接下来,他要牛良带一百人直奔县府,擒拿王县令和县丞。

待一干人领命而去,刘邦安排余下的二百人跟随自己,一则护卫夏侯先生,二则察看义军举止,凡有惊扰百姓者,杀无赦。

这一阵紧锣密鼓的安排看得夏侯婴呆了。几日未见,刘邦与之前判若两人,此公不仅治军甚严,且用兵颇有格局。正发愣间,刘邦来到身旁催促道:“请先生修书吧。”

“足下与我交游甚深,彼此相知。要我将你说成暴秦罪人,实难落笔,不知从何说起。”夏侯婴面露难色。

刘邦笑道:“先生明白人,为何又糊涂了,不是要诳县令么?你不说季有罪,又如何取信县令呢?”

夏侯婴赧颜地笑了笑道:“如此说来,恭敬不如从命了。

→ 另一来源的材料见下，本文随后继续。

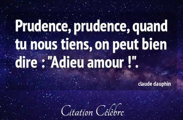 Prudence, prudence, quand tu nous tiens, on peut bien dire : "Adieu amour !".

”

刘邦唤从卒送上笔墨绢帛,夏侯婴略思片刻,低头写道——

竖子刘季,私放刑徒,率众作乱,幸得樊哙忠直,将其擒获,欲率众归顺大人,共谋大计……

放下笔,夏侯婴吹了吹墨迹,待干后装进锦囊。

刘邦收好锦囊,已是日将落山的光景。樊哙命军中厨子将狗肉煮熟,端了一大盘上来放在临时搭建的案几上。没有酒,且借了茶水以壮行色。刘邦左手撕一块狗肉,右手持碗,一言出口,声若洪钟:“诸位弟兄,欲图大业,当先图沛。如今沛县县令背天理,违民意,倒行逆施,私拘义士,我军必欲诛之才能使天理昭彰。饱餐之后,诸位弟兄务必各行其责,有贻误战机者,勿谓季刀下无情。”言罢,只见他仰起脖颈将茶水灌进喉咙,从胸腔中发出“咕嘟咕嘟”的声音,浊重而雄健。

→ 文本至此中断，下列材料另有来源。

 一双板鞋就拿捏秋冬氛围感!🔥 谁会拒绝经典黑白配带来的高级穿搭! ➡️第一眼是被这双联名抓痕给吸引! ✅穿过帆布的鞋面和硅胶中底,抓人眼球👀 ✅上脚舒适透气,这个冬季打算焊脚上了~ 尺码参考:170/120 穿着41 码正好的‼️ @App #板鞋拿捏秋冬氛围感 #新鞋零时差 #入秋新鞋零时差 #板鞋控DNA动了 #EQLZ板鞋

夜幕渐渐深沉,大约戌时三刻,樊哙率领义军潜入护城河边的草丛。每个人头顶上都扎了草圈,在城头幽暗的灯火下,那草丛看上去只不过比白日浓密了些,南门守城的县尉和乡勇门根本想不到这里隐藏着数百义军。只有萤火虫在草丛中自由飞翔,聆听从护城河里偶尔传来的蛙声。

随着时间的流逝,城头上传来懒洋洋的打更声:“天干物燥,小心火烛。”

亥时一刻,夏侯婴赶着车,车上坐着被绳捆索绑的刘邦,在百名义军的押解下来到护城河边。为了引起城头军人的注意,他故意将鞭子打得脆响。果然,传来城上乡勇的喊声:“夜深人静,城门紧闭,何人在城下喧哗。”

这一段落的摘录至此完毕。